### Information supplied
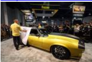
2017 SEMA Show
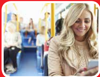
Fort Worth Transportation Authority - Page 4
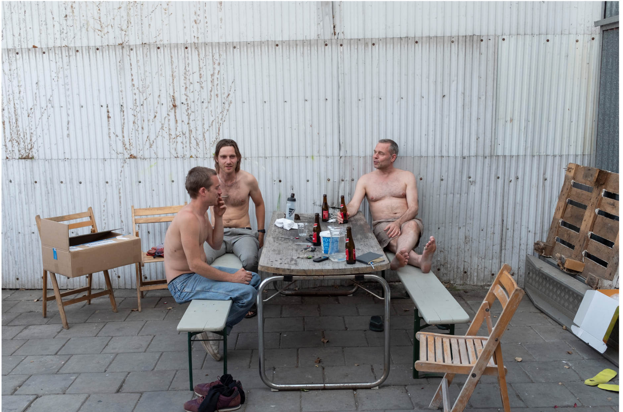
It is part XVIII and I'm here to be part of the assembly, and this assembly is no longer necessarily ceremonial, 2020 studio

### Assigned task
Once the pictures are set aside, give every line above again without alteration.

### Reply to the task
2017 SEMA Show
Fort Worth Transportation Authority - Page 4
It is part XVIII and I'm here to be part of the assembly, and this assembly is no longer necessarily ceremonial, 2020 studio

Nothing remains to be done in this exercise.